Joaquim Freitas explica preto no branco donde vem o candidato, agora presidente, de quem nunca ninguém tinha ouvido falar. Excepto talvez a propósito da famigerada lei Macron dos despedimentos/flexibilização. Qual a governabilidade que Macron vai pois trazer? Mais do mesmo? Que credibilidade deve merecer alguém que, no mínimo, tira partido do caso François Fillon que não fez nada de ilegal, que pode ter feito algo que a maioria da população considera imoral, o que não é a mesma coisa. O papel do Estado é o de punir o crime e não o pecado, uma vez que este tem a ver apenas com a consciência de cada um. O candidato Fillon pode ter cometido um pecado, mas em nenhum caso, cometeu um crime, porque o que fez estava autorizado por lei.
Pelo contrário, se alguém utilizou a justiça, ou os media, para distorcer os resultados da eleição, então isto é certamente um crime e todos deveriam ir para a cadeia se for possível prová-lo. Se a realidade é que se pode levar Fillon a tribunal, embora sendo certo que, eventualmente, não haverá necessidade, uma vez a eleição passada, e se os meios de comunicação se juntam à matança uma vez que todos eles estão dependentes dos membros proeminentes da sociedade, então provavelmente é saudada a chegada triunfal de um homem "novo", sem história pessoal, sem se ter nenhuma ideia dele, de que ninguém sabe de onde veio, deixando para trás um homem honrado destroçado, com a sua família, à beira da estrada. A ver em Junho como falarão os franceses nas eleições legislativas.

Joaquim de Freitas disse...

Anonimo das 20:19 : Tem razao, esqueceu-me de os notar, mas conhecia. Obrigado. Cumprmentos.

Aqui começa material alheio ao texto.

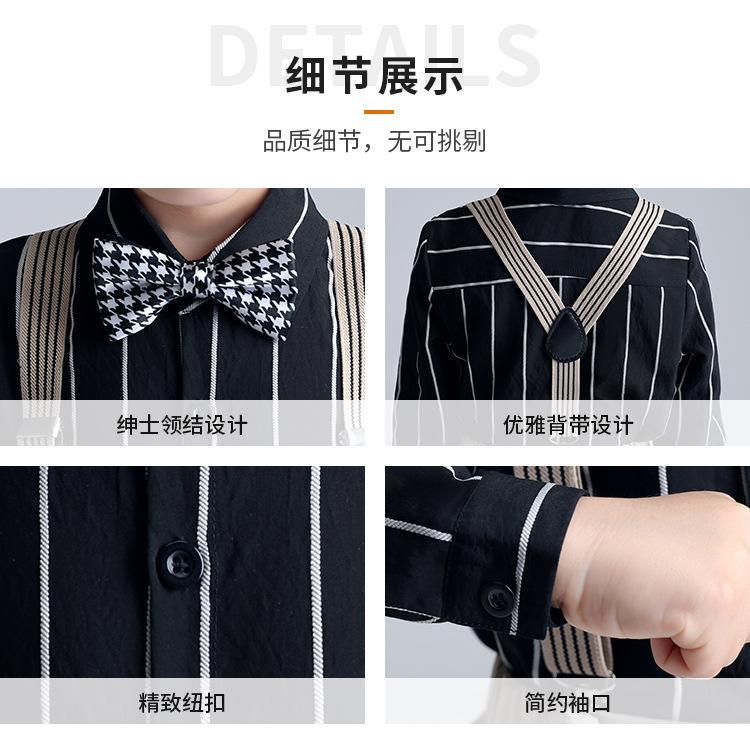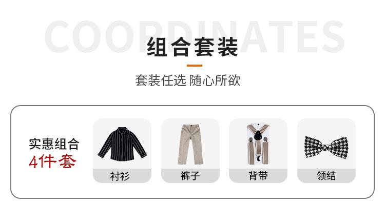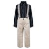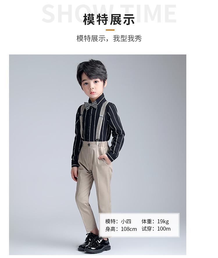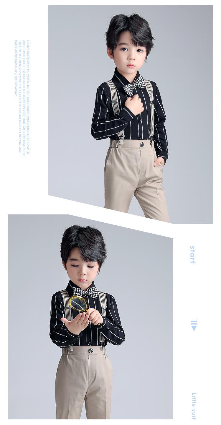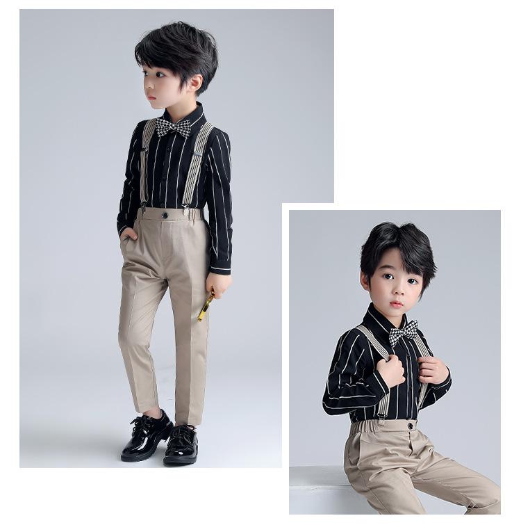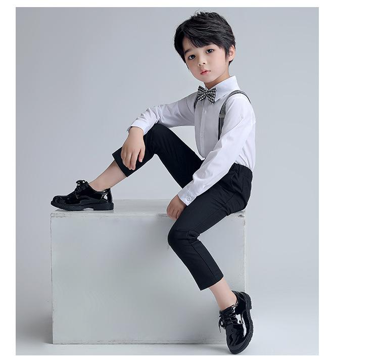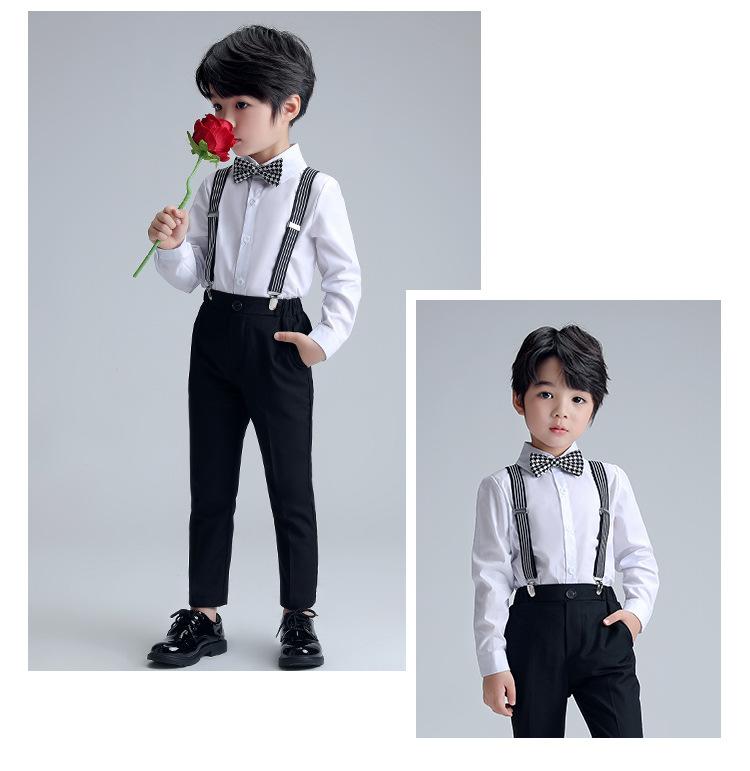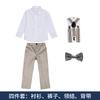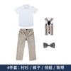 White long sleeve 4-piece set (white long sleeve + khaki trousers + strap + bow tie)

Joaquim de Freitas disse...

O comentador anónimo nostálgico das 21:28 confunde a lista "Estaline" com a lista McCarthy
Como vivo em França , como todos aqueles da minha lista, não corremos o mesmo risco que Charlie Chaplin nos EUA .

Anónimo disse...

Não sou nostálgico, não percebeu a ironia....pensamentos encaixotados/nostágicos são os seus....

Joaquim de Freitas disse...

Até é capaz de ter razão : talvez não tivesse percebido que havia uma ironia no que escreveu... Desculpe.

Vou continuar "encaixotado" com os meus pensamentos, que neste momento são compartilhados com mais ou menos 18 milhões de Franceses...

Joaquim de Freitas disse...

Desculpem por favor, mas que se passe tanto tempo a discutir dum tema que ninguém poderá afirmar com certeza a sua existência, enquanto que, desde o instante exacto em que o Senhor Embaixador escreveu sobre o sujeito, morreu, de fome, segundo a FAO, uma criança todos os 6 segundos, o que representa 5 milhões de crianças mortas por ano, por esta razão particularmente revoltante, mas que 886 milhões de adultos morrem pela mesma razão, durante o mesmo tempo, acho que se ultrapassou o limite da decência.

A humanidade desde tempos imemoriais que cultivou cereais. Mas há uns tempos para cá decidiu de os dar a comer aos animais, em vez dos humanos que morrem de fome.

Raio de mundo, onde temos bastante religião para nos odiar, mas não que chegue para nos amarmos uns aos outros.